— Франция.
— Не слыхал.
— Италия.
— Скажи, как много, там стран! А я про них ничего не знаю.
— Италия — прекрасная страна, — сказал Джек и глядя вдаль, на кавалеристов, задумался…
Италия. 1913 год
Перед его мысленным взором возникла прекрасная страна. Великие произведения великих мастеров. Великие храмы. Великие скульптуры. Великие картины. И сама Италия: лазурное теплое море, цветущие долины и яркие пляжи, ее звонкие города… И, наконец, летняя Флоренция и вилла Мэбл Додж. Это роскошная, отделанная в стиле XVI века вилла. Цветущие олеандры, кипарисы, оливковые деревья топят виллу в своей зелени, окружают ее дворы и дворики.

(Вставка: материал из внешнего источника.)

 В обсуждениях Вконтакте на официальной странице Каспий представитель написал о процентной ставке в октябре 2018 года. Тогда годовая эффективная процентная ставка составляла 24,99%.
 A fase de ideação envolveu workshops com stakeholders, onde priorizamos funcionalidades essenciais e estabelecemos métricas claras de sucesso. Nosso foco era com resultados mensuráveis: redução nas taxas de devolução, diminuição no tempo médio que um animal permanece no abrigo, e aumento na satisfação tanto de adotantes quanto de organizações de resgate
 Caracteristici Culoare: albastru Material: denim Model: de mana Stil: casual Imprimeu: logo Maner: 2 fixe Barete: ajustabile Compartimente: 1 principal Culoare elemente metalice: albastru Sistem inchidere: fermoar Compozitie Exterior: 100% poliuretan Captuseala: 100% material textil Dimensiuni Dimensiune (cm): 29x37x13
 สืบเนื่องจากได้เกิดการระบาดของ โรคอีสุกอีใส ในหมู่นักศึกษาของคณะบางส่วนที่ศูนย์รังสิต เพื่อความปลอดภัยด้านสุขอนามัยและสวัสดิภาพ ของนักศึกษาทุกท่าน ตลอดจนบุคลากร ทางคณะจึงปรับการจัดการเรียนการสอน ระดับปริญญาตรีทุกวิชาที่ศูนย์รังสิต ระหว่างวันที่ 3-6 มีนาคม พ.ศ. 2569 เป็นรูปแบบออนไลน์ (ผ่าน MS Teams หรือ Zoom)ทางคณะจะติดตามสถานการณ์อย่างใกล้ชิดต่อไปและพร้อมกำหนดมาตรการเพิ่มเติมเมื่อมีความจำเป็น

Роскошная гостиная. Тишина. И только музыка рояля. За роялем Артур Рубинштейн. Сам великий Артур Рубинштейн.
Джек, Мэбл и их многочисленные друзья, знаменитые художники и артисты, затаив дыхание, слушают великую музыку.

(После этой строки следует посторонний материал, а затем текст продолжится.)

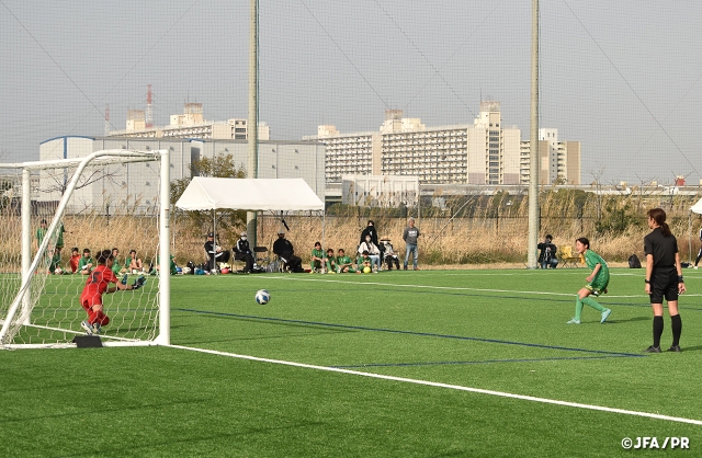 今回は、関西各府県からU-12の女子選手106名、指導者18名、帯同審判員6名が参加。初日は各県ごとにJFAのスタッフによるトレーニングと2試合の交流戦、昼・夜2回のレクチャーを、2日目には、各県ごとのトレーニングと3試合の交流戦を行いました。今回の交流戦では、試合時間内で試合が決した場合も、1日目は3名ずつ、2日目は4名ずつのPK戦を行い、全選手が必ず一度はキッカーを経験する機会を作りました。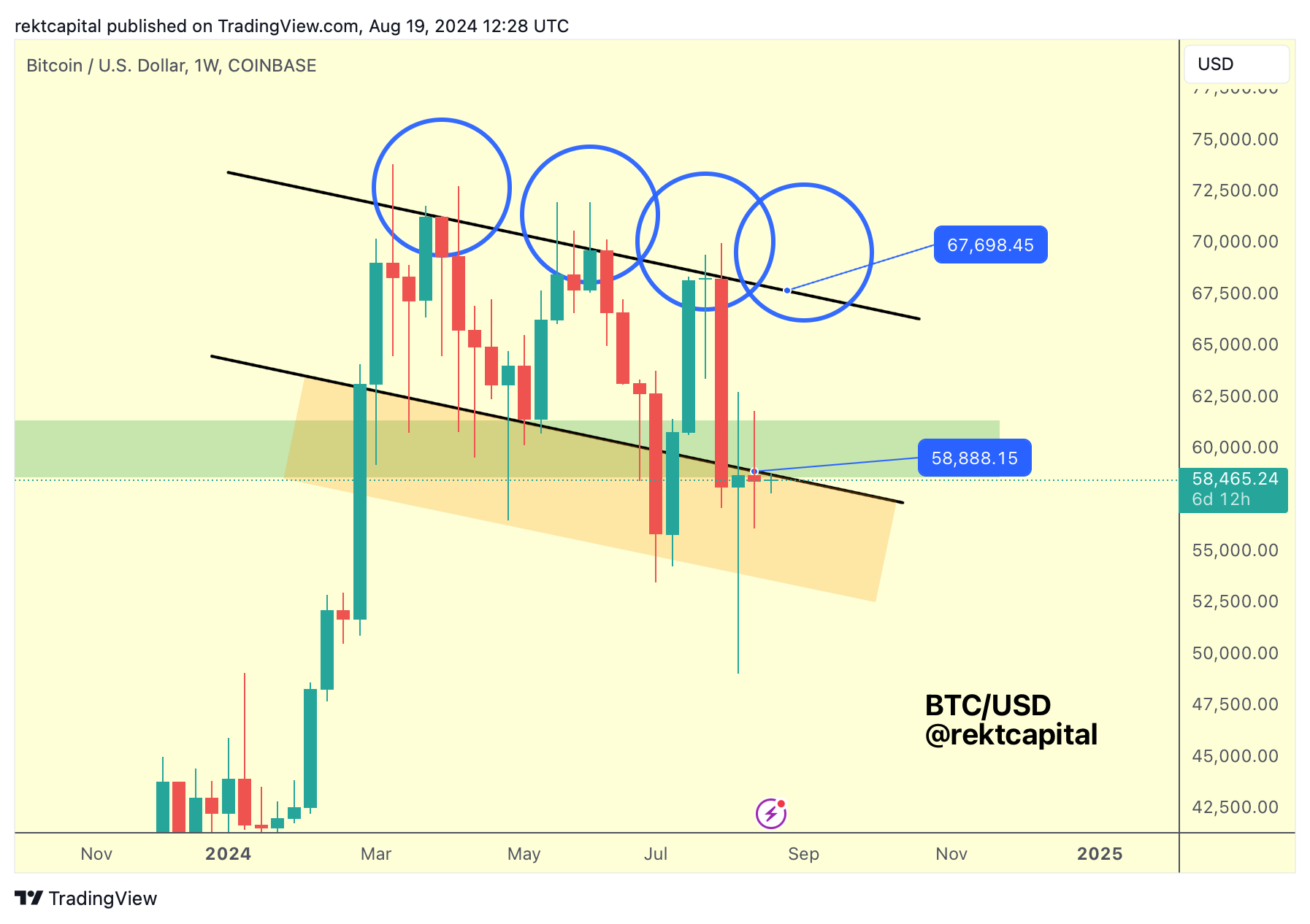 Last week, Bitcoin needed to perform a Weekly Close above $58888 to secure this reclaim but price failed to do so.

После долгого ужина все уезжают к морю и купаются в нем под ночным лунным небом… На рассвете — обратная дорога во Флоренцию. Вереница автомобилей движется по этой живописной дороге.

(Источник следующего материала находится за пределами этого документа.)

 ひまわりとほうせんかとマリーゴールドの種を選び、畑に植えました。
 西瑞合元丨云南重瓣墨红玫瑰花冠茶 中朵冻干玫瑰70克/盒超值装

Они въезжают в небольшой городок, останавливаются. Этот городок состоит из маленьких домишек, расположенных вдоль реки. Напротив каждого домика — мостки, и сотни женщин, мужчин, детей стирают, полощут белые простыни.
Автомобили останавливаются.
Известный художник, друг Мэбл, вынимает блокнот, начинает делать зарисовки и весело объясняет:
— Это один из самых знаменитых городков Италии. Он обслуживает гостиницы Рима. Сюда свозят постельное белье из всех гостиниц и весь город занимается его стиркой. Только стиркой. Это единственная профессия всех здешних жителей.
И снова прекрасная вилла Мэбл Додж. В роскошной спальне, в роскошной кровати лежат Джек и Мэбл. Она ласково гладит его. Он говорит:
— Я жил не так уж плохо, но в такой роскоши — прости… А в общем, это прекрасно: твоя вилла, твоя Италия, твои друзья.
— Наша вилла, наша Италия, наши друзья. Джек обнимает ее.
— Тебе хорошо здесь? — воркует она. Джек целует ее.
— Ты, наконец, успокоился, мой неистовый Одиссей? Вспомни, как ты плохо выглядел. Как ты уставал все эти месяцы. Эта твоя бесконечная репортерская беготня… А я ненавижу эту машинную Америку, этот бездарный Нью-Йорк… А здесь мы свободны, как дети, любим друг друга, и нас окружают только самые красивые вещи и самые красивые люди.
— Да! Мне давно не было так покойно, так покойно по-детски. А эта кровать… — он рассмеялся. — Мне кажется сейчас, что кроме этой нашей роскошной кровати больше ничего не существует на свете. Такое ощущение, что в этой кровати мы путешествуем по всей Италии.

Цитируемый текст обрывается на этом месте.